Gloria Steinem wrote in The Times yesterday that one of the reasons
she is supporting Hillary is that she had "no masculinity to prove."
But Hillary did feel she needed to prove her masculinity. That was why
she voted to enable W. to invade Iraq without even reading the
National Intelligence Estimate and backed the White House's
bellicosity on Iran.
Yet, in the end, she had to fend off calamity by playing the female
victim, both of Obama and of the press. Hillary has barely talked to
the press throughout her race even though the Clintons this week
whined mightily that the press prefers Obama.
Bill Clinton, campaigning in Henniker on Monday, also played the
poor-little-woman card in a less-than-flattering way. "I can't make
her younger, taller or change her gender," he said. He was so
low-energy at events that it sometimes seemed he was distancing
himself from her. Now that she is done with New Hampshire, she may
distance herself from him, realizing that seeing Bill so often reminds
voters that they don't want to go back to that whole megillah again.
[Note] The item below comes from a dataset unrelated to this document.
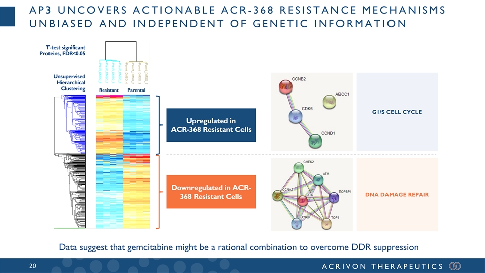 AP3 UNCOVERS ACTIONABLE ACR -368 RESISTANCE MECHANISMS UNBIASED AND INDEPENDENT OF GENETIC INFORMATION T-test significant Proteins, FDR<0.05 Unsupervised Hierarchical Clustering Resistant Parental G1/S CELL CYCLE Upregulated in ACR-368 Resistant Cells Downregulated in ACR- DNA DAMAGE REPAIR 368 Resistant Cells Data suggest that gemcitabine might be a rational combination to overcome DDR suppression 20 ACRIVON THERAPEUTICS
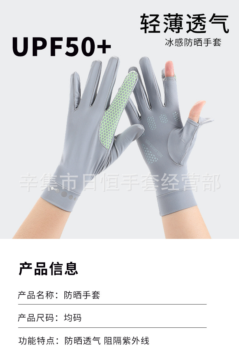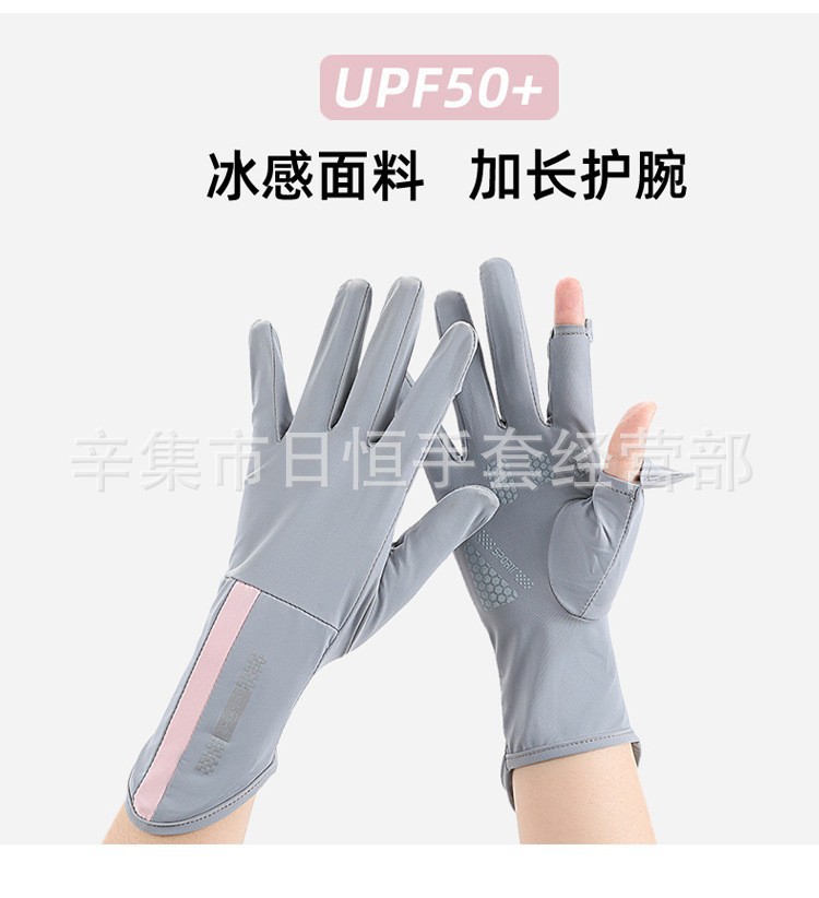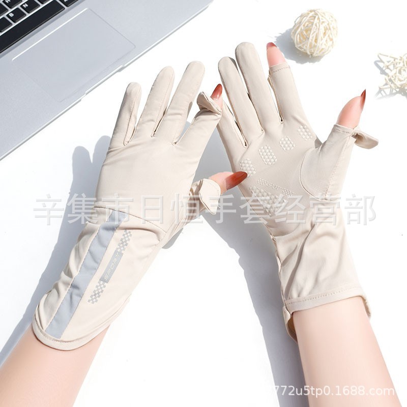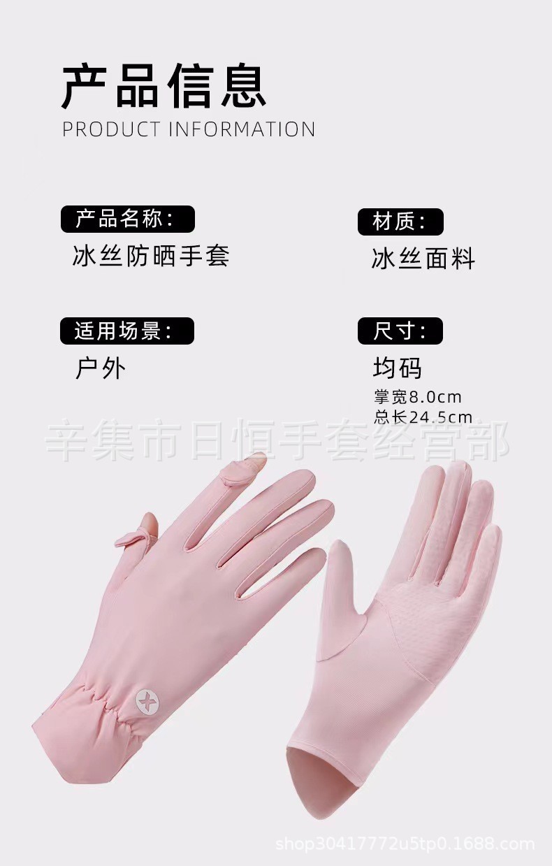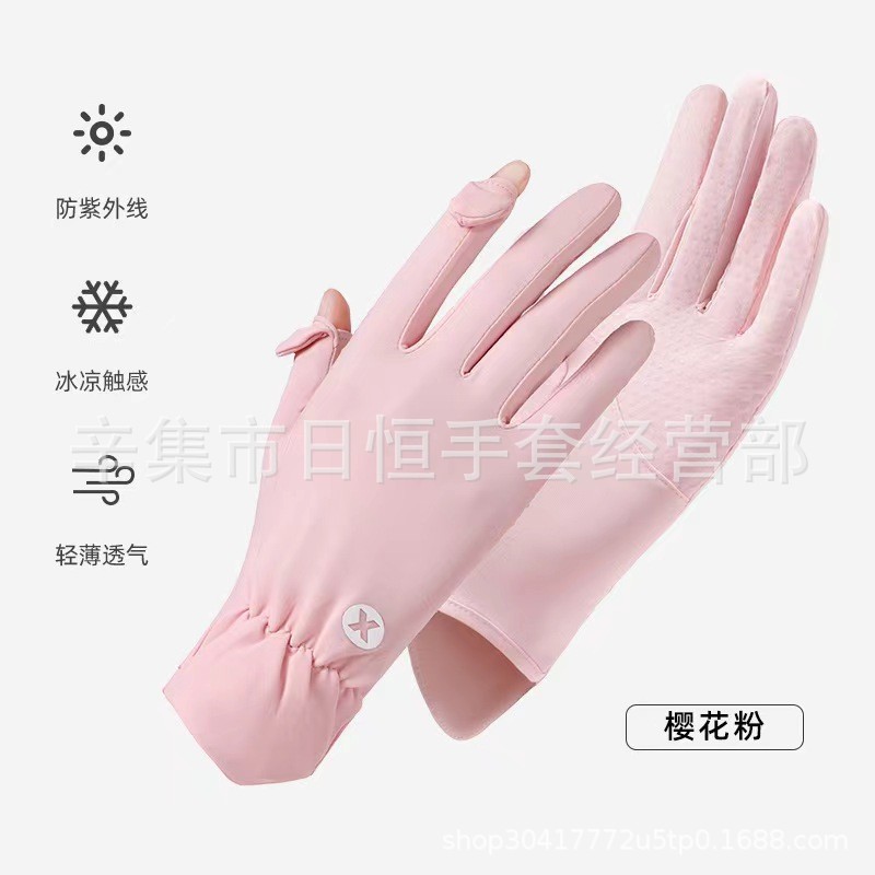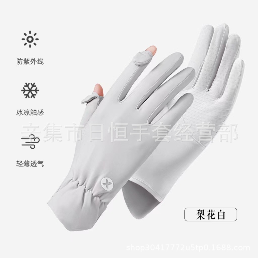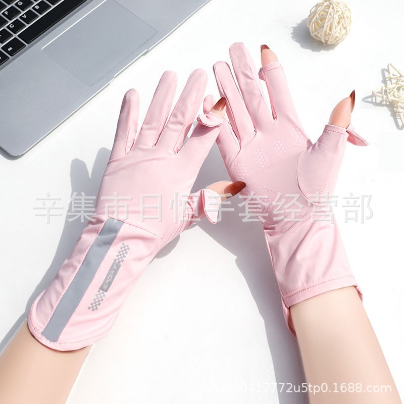 薄款防晒冰丝手套批发夏季防紫外线通勤手套女士冰丝防晒露指手套

Hillary sounded silly trying to paint Obama as a poetic dreamer and
herself as a prodigious doer. "Dr. King's dream began to be realized
when President Johnson passed the Civil Rights Act," she said. Did any
living Democrat ever imagine that any other living Democrat would try
to win a presidential primary in New Hampshire by comparing herself to
L.B.J.? (Who was driven out of politics by Gene McCarthy in New
Hampshire.)
Her argument against Obama now boils down to an argument against
idealism, which is probably the lowest and most unlikely point to
which any Clinton could sink. The people from Hope are arguing against
hope.
At her victory party, Hillary was like the heroine of a Lifetime
movie, a woman in peril who manages to triumph. Saying that her heart
was full, she sounded the feminist anthem: "I found my own voice."